Outcome Measures for Low Back Pain Research
Spine, 1998
Study Design. An international group of back pain researchers considered recommendations for standardized measures in clinical outcomes research in patients with back pain. Objectives. To promote more standardization of outcome measurement in clinical trials and other types of outcomes research, including meta-analyses, cost-effectiveness analyses, and multicenter studies. Summary of Background Data. Better standardization of outcome measurement would facilitate comparison of results among studies, and more complete reporting of relevant outcomes. Because back pain is rarely fatal or completely cured, outcome assessment is complex and involves multiple dimensions. These include symptoms, function, general well-being, work disability, and satisfaction with care. Methods. The panel considered several factors in recommending a standard battery of outcome measures. These included reliability, validity, responsiveness, and practicality of the measures. In addition, compatibility with widely used and promoted batteries such as the American Academy of Orthopaedic Surgeons Lumbar Cluster were considered to minimize the need for changes when these instruments are used. Results. First, a six-item set was proposed, which is sufficiently brief that it could be used in routine care settings for quality improvement and for research purposes.
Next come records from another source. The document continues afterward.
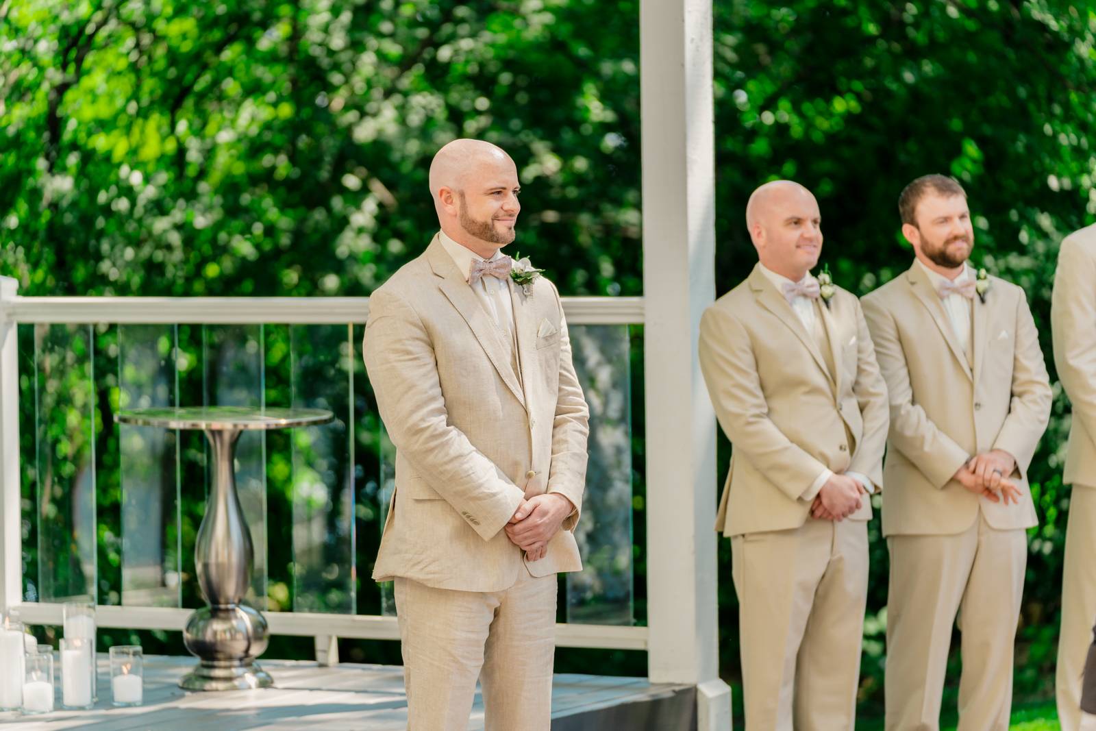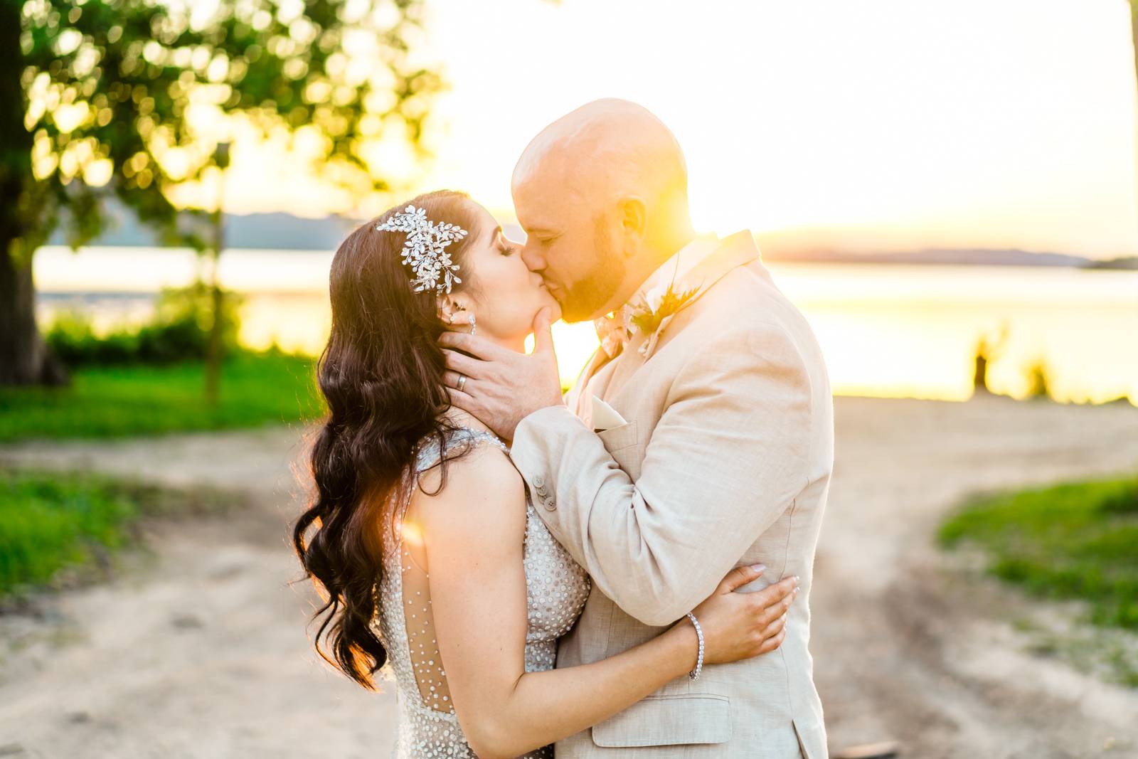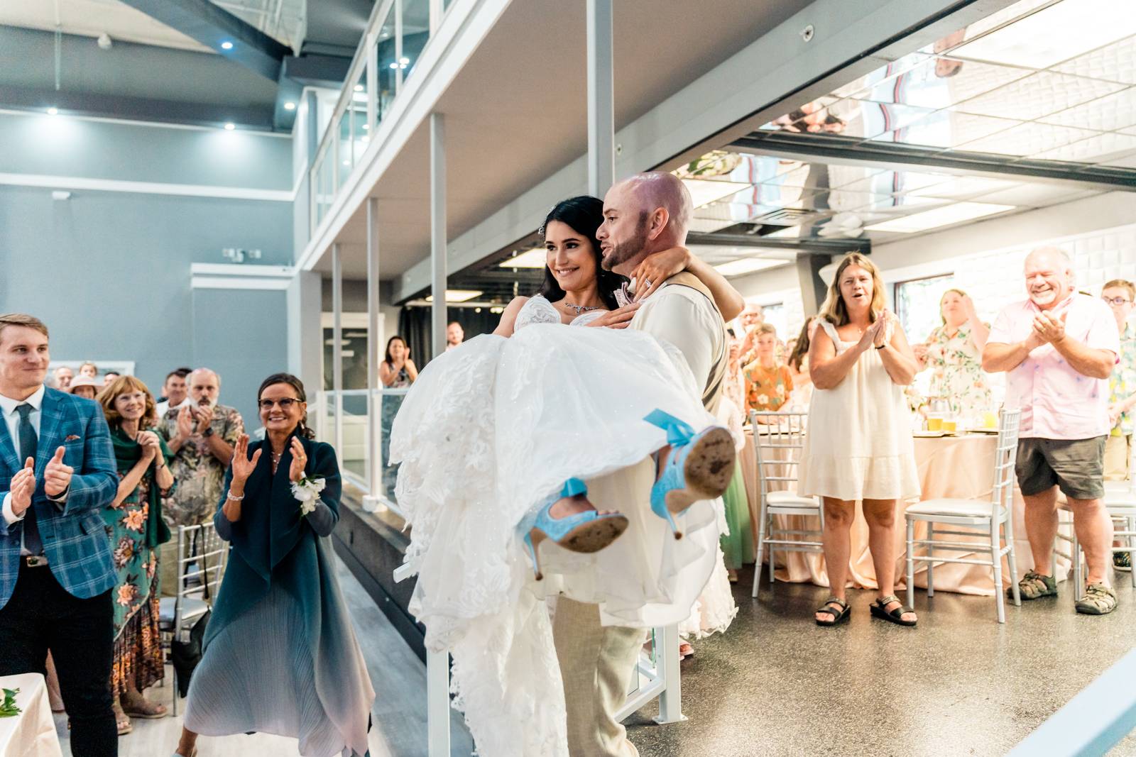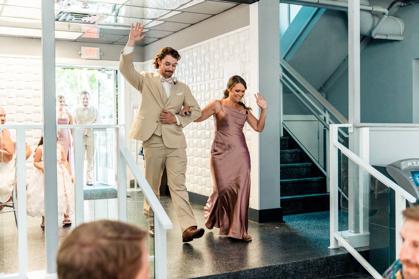Dusty blues, light pinks, and dazzling details made for a gasp-worthy wedding for Miranda and Josef. The day, excellently planned and designed by Orange Door Weddings, was set perfectly at Celebrations on the River in La Crosse, Wisconsin, with sparkling water in the background. The couple walked down the aisle with a lavish wall of flowers waiting at the end from Enchanted Wall Flowers – a stunning backdrop that added to the amazing vibes of the wedding ceremony!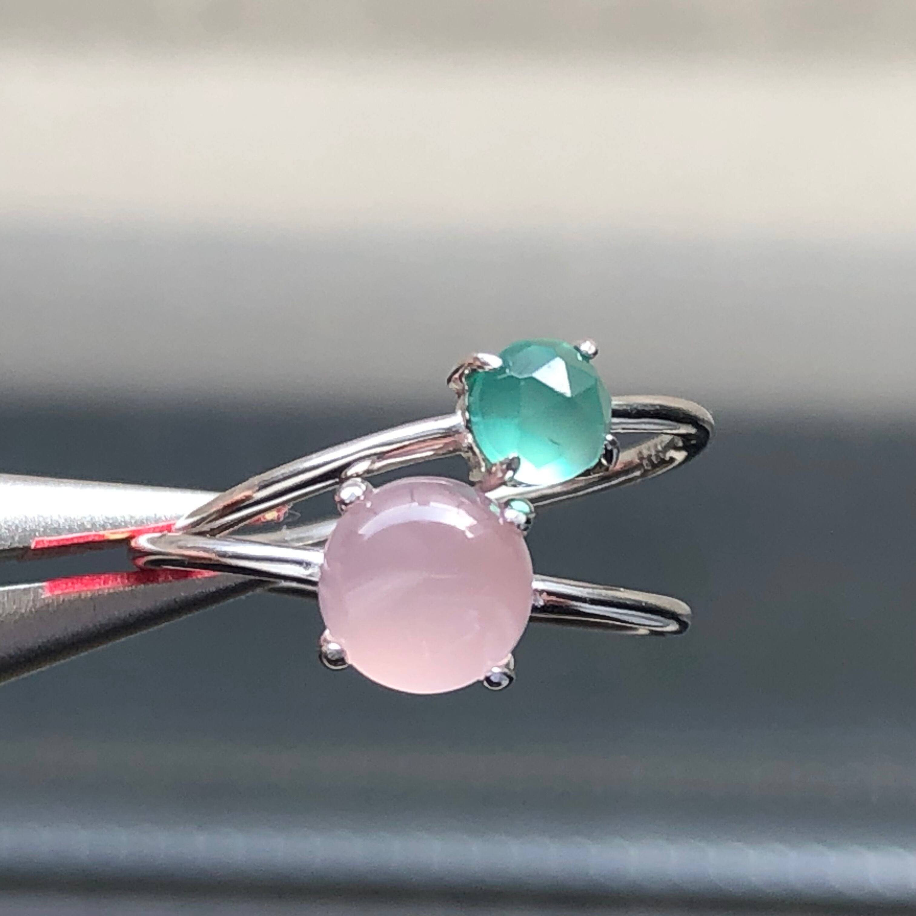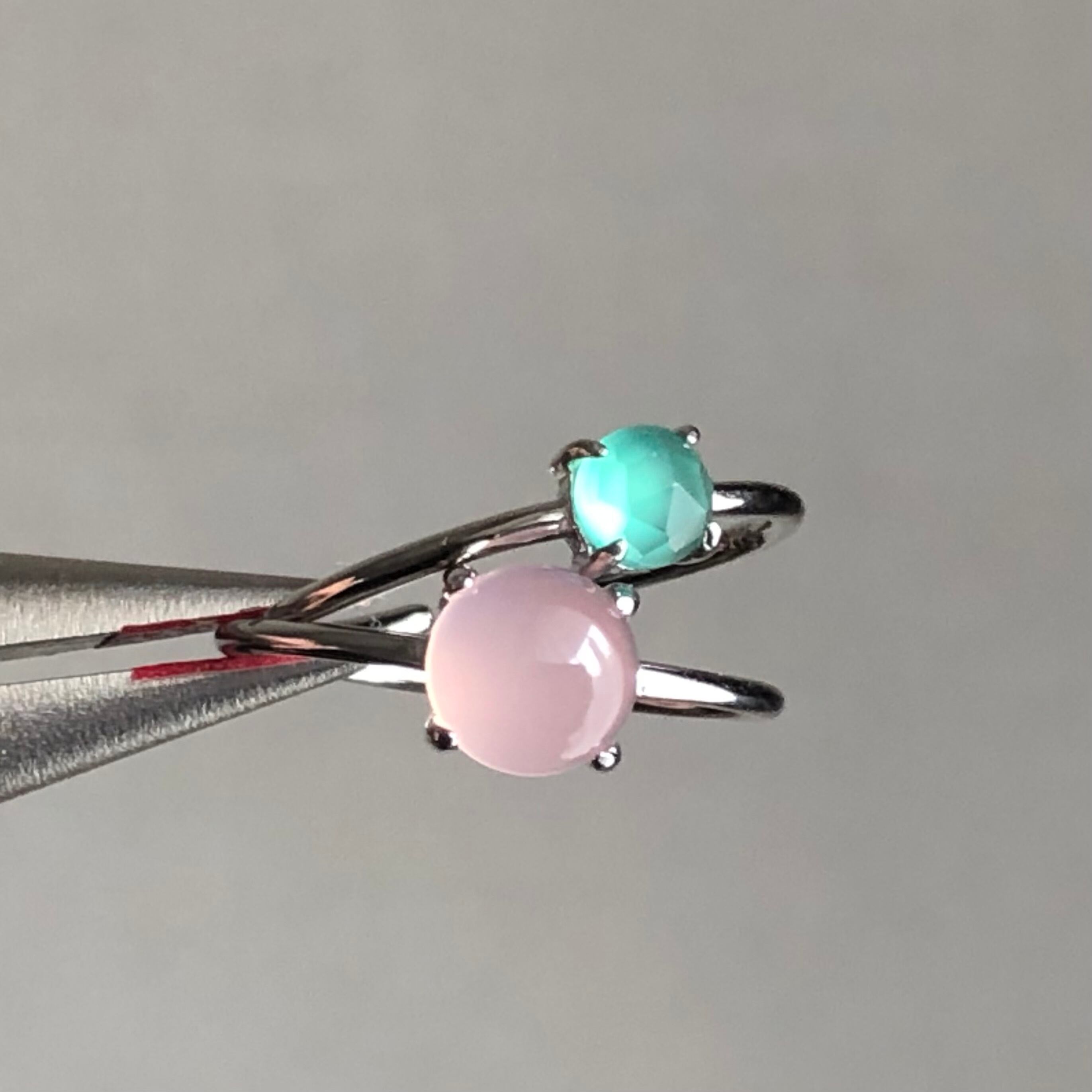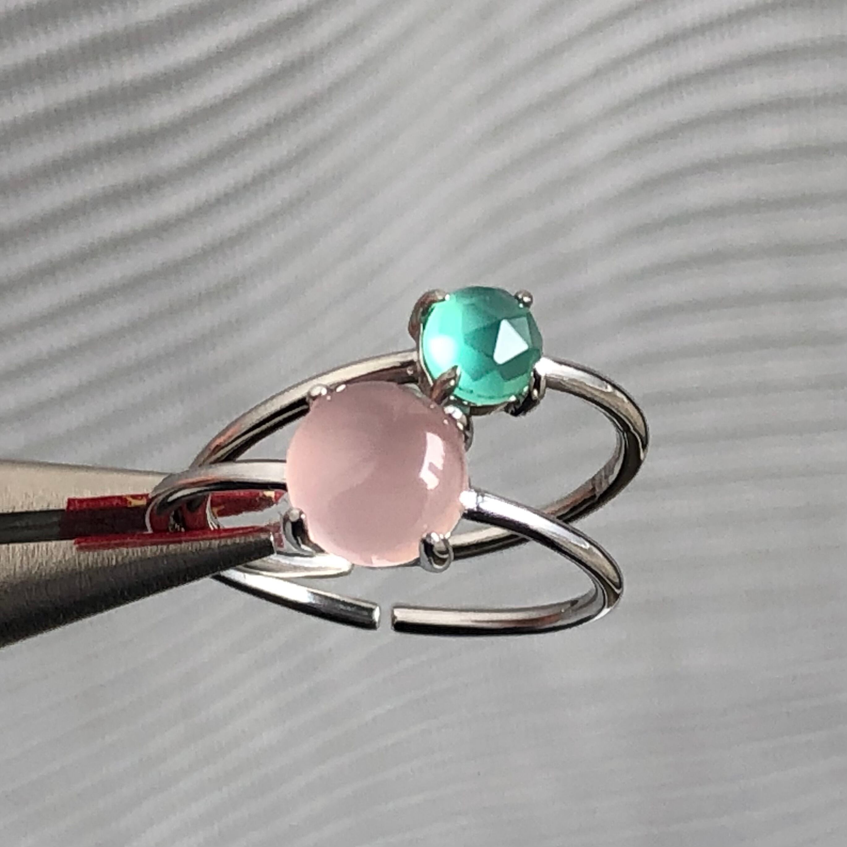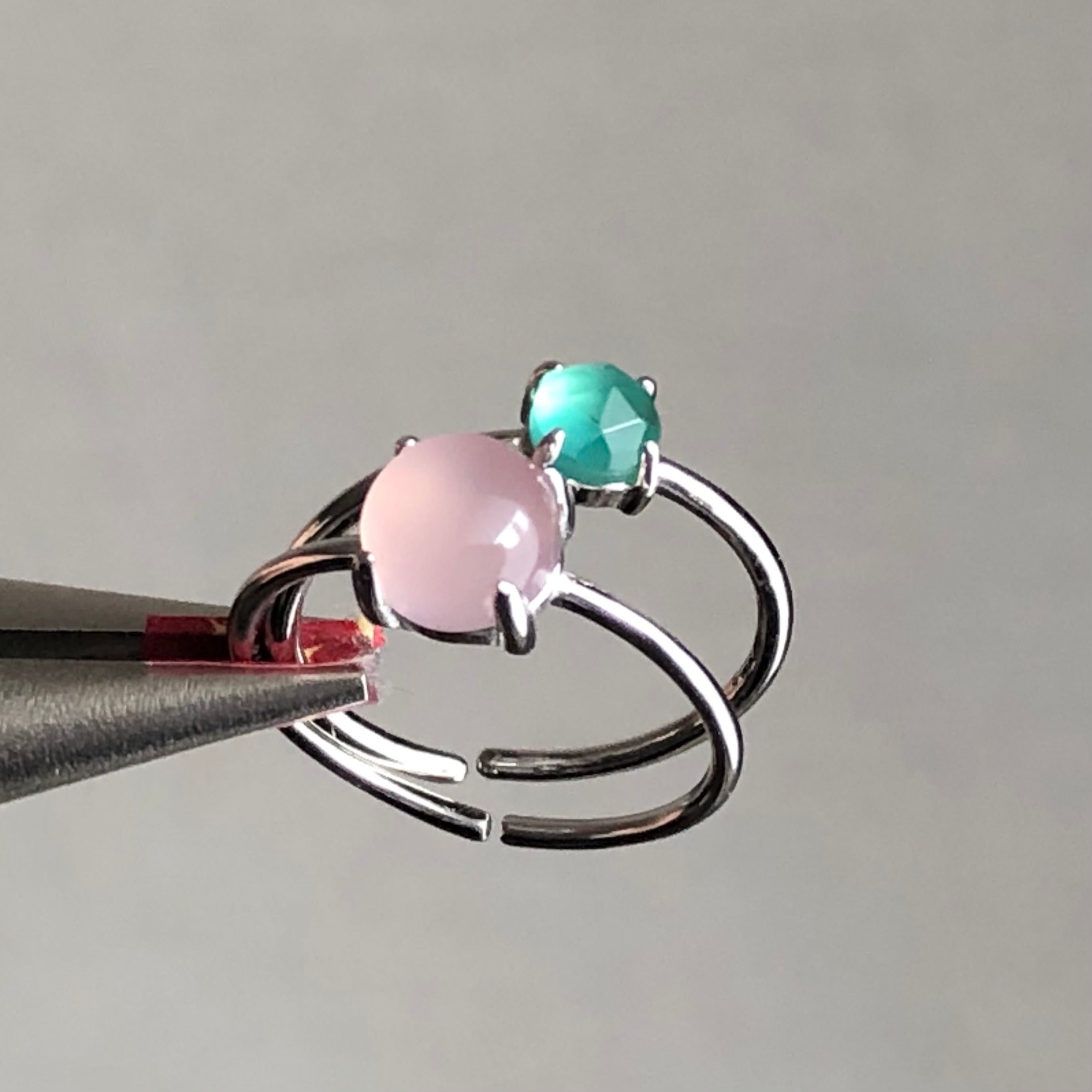 ピンクカルセドニーとグリーンオニキスのリングセットです。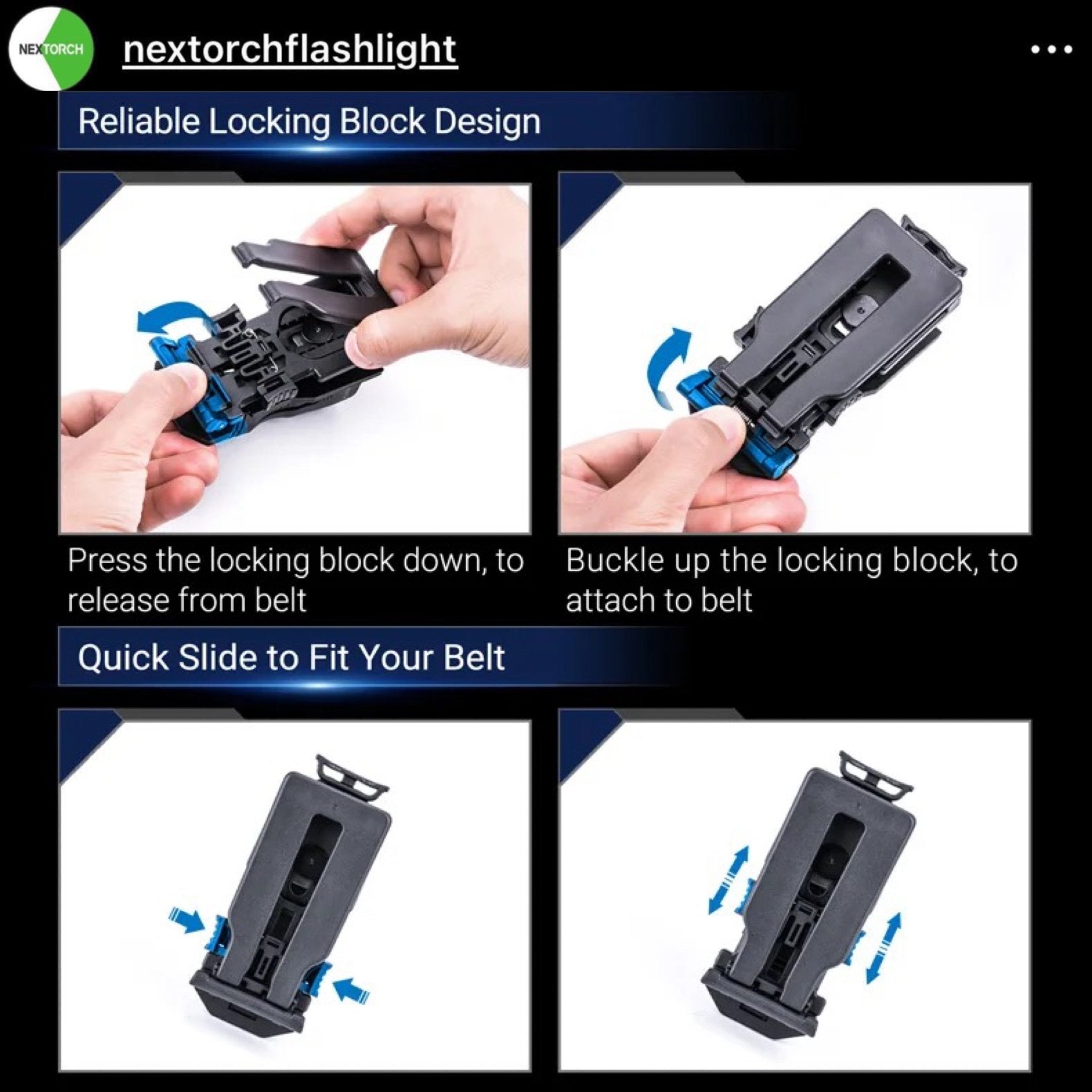 Holster Body: ใช้ใส่ไฟฉายและประกบล็อคเข้ากับ Belt Clamp สามารถถอดออกได้อย่างรวดเร็วโดยดันสลักล็อคไปด้านหน้า Holster Body หมุนรอบตัวได้ 360° ปรับล็อคองศาได้ 16 ตำแหน่ง รองรับไฟฉายที่มีเส้นผ่านศูนย์กลางส่วนหัวและลำตัว 27-30mm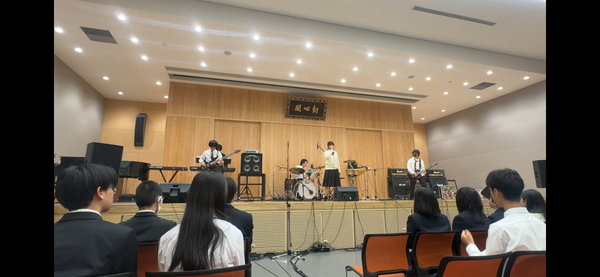4月29日(火・祝日)大谷高校で行われた楽器の選び方講座において、新入生歓迎ライブとして、演奏しました。洛北高校以外の高校生を交えた演奏会は23年生にとっては初めてでしたが、他校の軽音楽部の演奏を聴くことができ、大きな刺激となりました。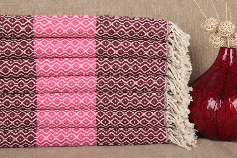 Bio-Baumwolle sorgt für hervorragende Saugfähigkeit und schnelle Trocknungseigenschaften des türkischen Strandtuchs, das sich durch seine doppelseitige, flachgewebte Konstruktion auszeichnet. Das Handtuch misst 40 x 67 Zoll (100 x 170 cm) mit einer Toleranz von ± 2 Zoll (5 cm) aufgrund des Handwebens und wiegt etwa 450 Gramm.
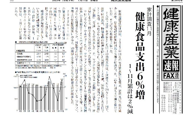 ・ステマ、景表法で規制へ・DgS11月、健食5%増 11ヵ月連続プラス・通販協調査、…

An expanded outcome set, which would provide more precise measurement for research purposes, includes measures of severity and frequency of symptoms, either the Roland or the Oswestry Disability Scale, either the SF-12 or the EuroQol measure of general health status, a question about satisfaction with symptoms, three types of "disability days," and an optional single item on overall satisfaction with medical care. Conclusion. Standardized measurement of outcomes would facilitate scientific advances in clinical care. A short, 6item questionnaire and a somewhat expanded, more precise battery of questionnaires can be recommended. Although many considerations support such recommendations, more data on responsiveness and the minimally important change in scores are needed for most of the instruments.